Akumal in 1959 was part of a long strip (12 kilometers) of cocales (coconut groves) along the coast, belonging to Argimiro Argüelles. There were no towns or villages located in this property, only a very few scattered temporary huts of the coconut workers. Bush bought the property from Argüelles, but did not register it properly. The land’s title has been in dispute ever since. The people who now live in the “shanty town” off the outskirts of Akumal were workers who came to work on the construction of Akumel’s hotel in the 1960s and stayed to work there after it was constructed. None of those families were living in or near Akumal before Bush bought the property in 1959. They were not forced to leave area around the bay; they never lived there in the first place. They began (and continue) to try to wrest title for their small plots from Bush and later administrators, but since he didn’t have clear title, they couldn’t get one either. It has been a simmering mess for decades.
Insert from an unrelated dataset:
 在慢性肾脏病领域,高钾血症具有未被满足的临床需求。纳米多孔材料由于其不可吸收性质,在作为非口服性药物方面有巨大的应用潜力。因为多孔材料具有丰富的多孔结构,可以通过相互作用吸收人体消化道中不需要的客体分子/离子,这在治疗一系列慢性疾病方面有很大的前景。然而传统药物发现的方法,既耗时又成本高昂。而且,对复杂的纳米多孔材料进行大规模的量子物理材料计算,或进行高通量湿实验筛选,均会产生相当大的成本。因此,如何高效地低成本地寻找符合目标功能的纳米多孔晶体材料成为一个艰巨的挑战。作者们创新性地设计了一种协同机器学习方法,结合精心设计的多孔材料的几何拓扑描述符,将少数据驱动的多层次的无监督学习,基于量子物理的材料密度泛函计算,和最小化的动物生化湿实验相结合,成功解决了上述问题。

Problems over this land started in 1972, when the government cast a covetous eye on Bush's Akumal property. That’s when they told him that even though he bought the property from the original landholder, he didn’t have clear title. The president then was Luis Echevarría. You may or may not remember him from his “Mexico Pride” movement. He was the one that promoted pride in being Mexican and the idea of being proud of “mestizaje,” the blending of the Spanish and indigenous Mexican races. Remember the little gold and black “Made in Mexico” stickers with the Aztec eagle symbol? That was established during his presidency.
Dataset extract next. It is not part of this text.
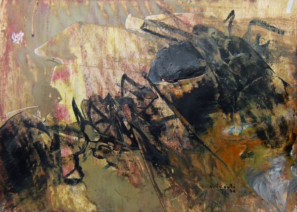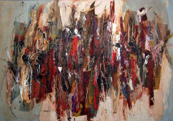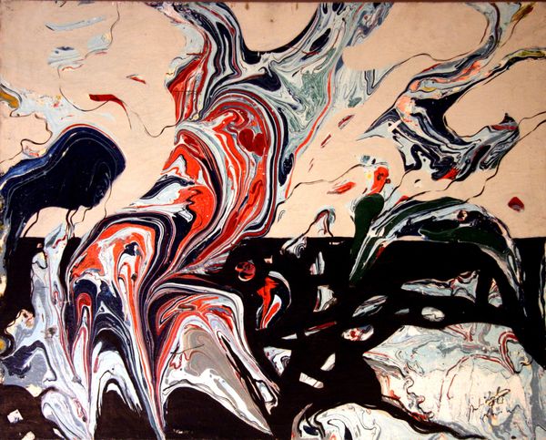 Romul Nutiu made this painting, called Route of the Snail, with paint, and with a real sense of what paint can do. The surface is a record of its own making, of dragging and pushing and layering. Look at that juicy dark green as it drips and pools, those bright red interruptions! There's a real physical conversation happening between the colors, they blend and bleed into each other, creating new and unexpected hues. It’s like watching different emotional states collide and merge on the canvas. Take the lower left corner, with that opaque white cutting across the dark green, like the flash of a thought. Nutiu lets us see the history of that thought, each layer and decision visible. He reminds me a little of Joan Mitchell, the way he uses color and gesture to create an all-over composition that's both chaotic and harmonious. Painting is always a route, and Nutiu shows us the joy in getting there.

Echevarría’s government began a campaign promoting “mestizaje pride” that included government subsidies to artists and writers to produce works that glorified this idea. Poets were paid to write poems about it, artists were commissioned to create statues commemorating it, and newspapers were paid to publish articles about it.

The false narrative of Gonzalo Guerrero was created during this period by hacks paid by the government. Most of it came from the pen of a reporter for the Mexico City newspaper El Universal in 1974. Mario Aguirre Rosas published what he described as Gonzalo Guerrero’s diary, supposedly written on deerskin velum and sheets of 16th century paper. No one was able to examine the original manuscript, as Rosas said it belonged to a private collector and only he was allowed to see it. This purported autobiography of Gonzalo was full of fabricated details, which have been repeated ad nauseam by uninformed, amateur historians who read the mendacious tale and believed it to be authentic. It is in this fairy-tale invented by Aguirre that the myth Gonzalo’s wife was a princess named Zazil was first started, as well as many other details about the man that are patently false. In 1975, two thousand copies of Gonzalo de Guerrero: Padre del mestizaje iberoamericano by Aguirre were printed in Mexico City by Editorial Jus. The book was simply a rehash of his newspaper articles about his spurious autobiographical document of Gonzalo Guerrero.

When Pablo Bush saw how much the president was pleased by the effects of the poems, statues and newspaper articles, he decided to offer up something along those lines in an attempt to curry favor with the president and perhaps hold onto his land at Akumal. To that end, he commissioned a statue of Gonzalo Guerrero be made and erected at Akumal by the artist Raúl Ayala Arellano in 1974. Bush also gifted a copy of the statue to the federal government. Another copy is here in Cozumel and a fourth in Merida.

This was not the only time Bush paid for a monument to be erected to a fictionalized character. Read in my book, The True History of Cozumel, about how Bush erected a statue to Jean Laffite in Dzilam de Bravo, falsely claiming the pirate had died in that locale, when actually it was his brother, Pierre Lafitte, who died near there.